Main answer:
(a) The DT signal x[n] is periodic.
Step-by-step explanation:
To determine if the DT signal x[n] is periodic, we need to check if there exists a positive integer N such that x[n] = x[n+N] for all values of n.
Given that x(t) = 4 cos (18πt + π/4), we can find the period of the CT signal x(t) by dividing the angular frequency of the cosine function (18π) by the fundamental frequency (ω₀) of the signal. In this case, the fundamental frequency is the coefficient of t, which is 18π.
The period T of the CT signal is given by T = 2π/ω₀.
Now, let's determine the period of the DT signal x[n]. The period of a DT signal is equal to the reciprocal of the sampling rate, which is given as ω_s = 22π rad/s.
Therefore, the period of the DT signal x[n] is T_s = 2π/ω_s.
To find the period in samples, we need to divide the period T_s by the sampling interval Δt = 1, since the signal is sampled at a rate of 1 sample per unit time.
Therefore, the period in samples is N = T_s/Δt.
Substituting the values, we have N = (2π/ω_s) / 1 = 2π/ω_s.
Hence, the DT signal x[n] is periodic with a period of 2π/ω_s samples.
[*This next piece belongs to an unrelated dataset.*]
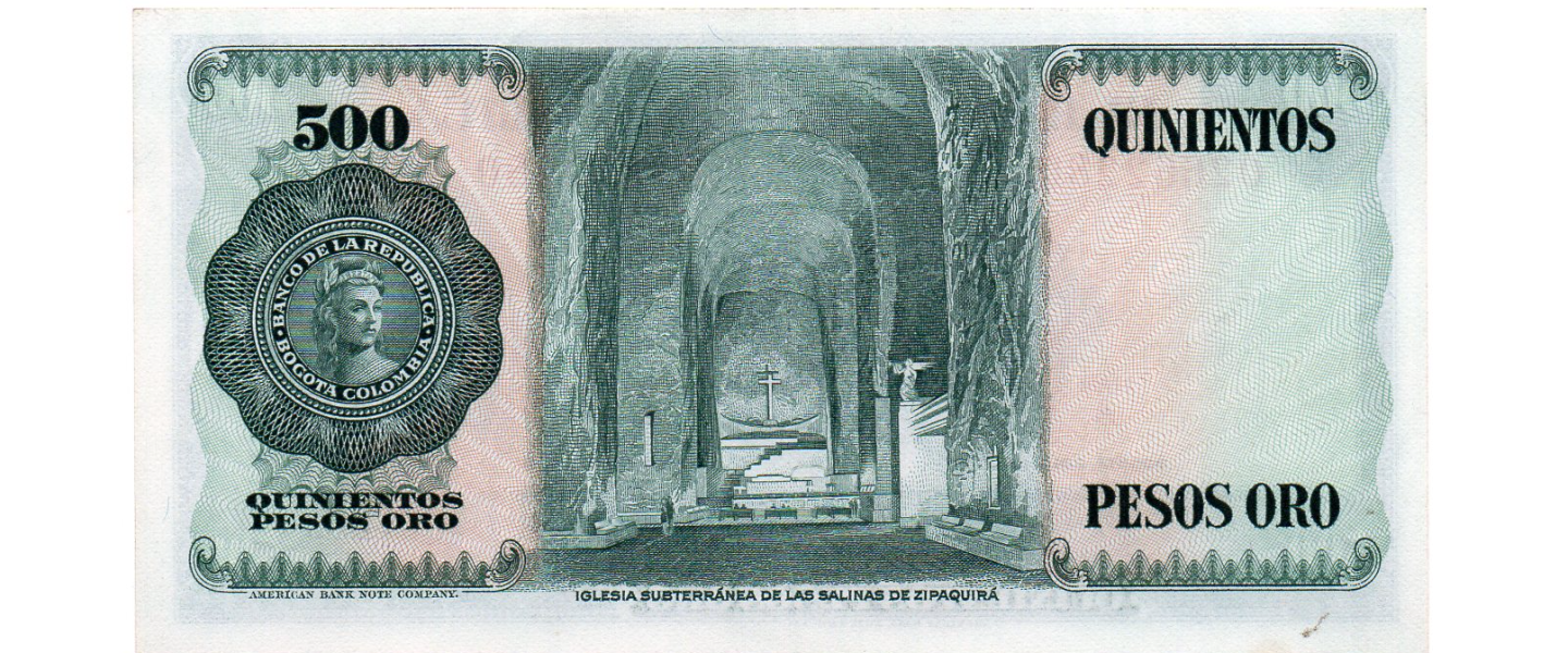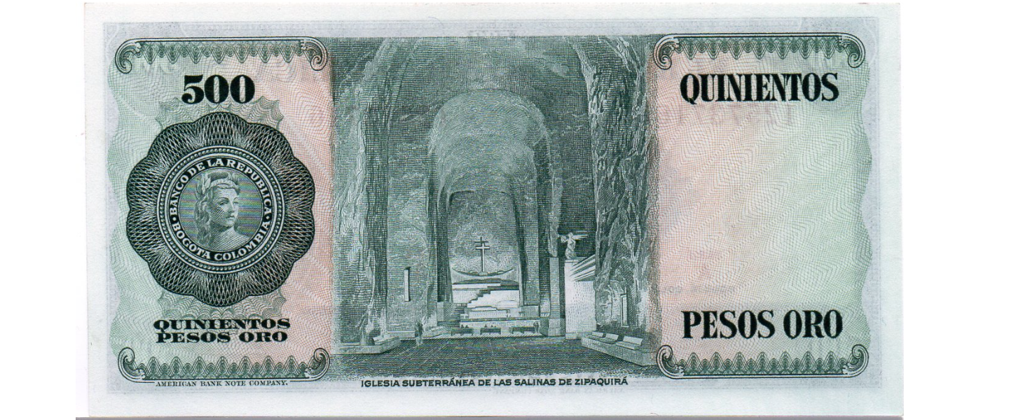 500 Pesos, 01 de enero de 1968, SIN CIRCULAR (UNC) NET: pequeña mancha al reverso parte inferior, ABNC, anverso: Simón Bolívar, reverso: Iglesia Subterránea de las salinas de Zipaquirá. Hermosa pieza!
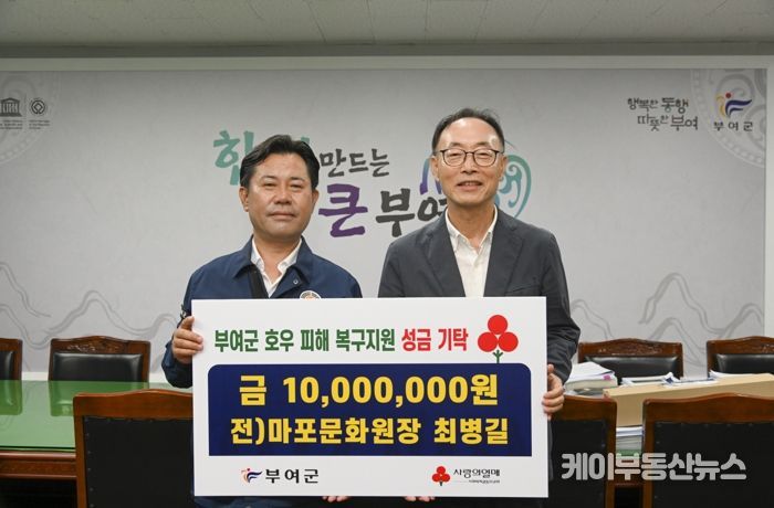 케이부동산뉴스 | 옥산실업 주식회사가 집중호우로 큰 피해를 입은 부여군의 빠른 복구와 이재민 지원을 위해 피해복구 성금 1천만원을 기탁했다.

(b) To find the numbers A, ω₀, and θ₀, we can use the output y(t) = A cos(ω₀t + θ₀).
Given that the CT signal x(t) = 4 cos (18πt + π/4), we can see that y(t) is a reconstructed waveform of the DT signal x[n] through a perfect D/A converter.
Comparing the two equations, we can see that A = 4, ω₀ = 18π, and θ₀ = π/4.
Therefore, the numbers A, ω₀, and θ₀ are 4, 18π, and π/4, respectively.
I hope this explanation helps! Let me know if you have any further questions.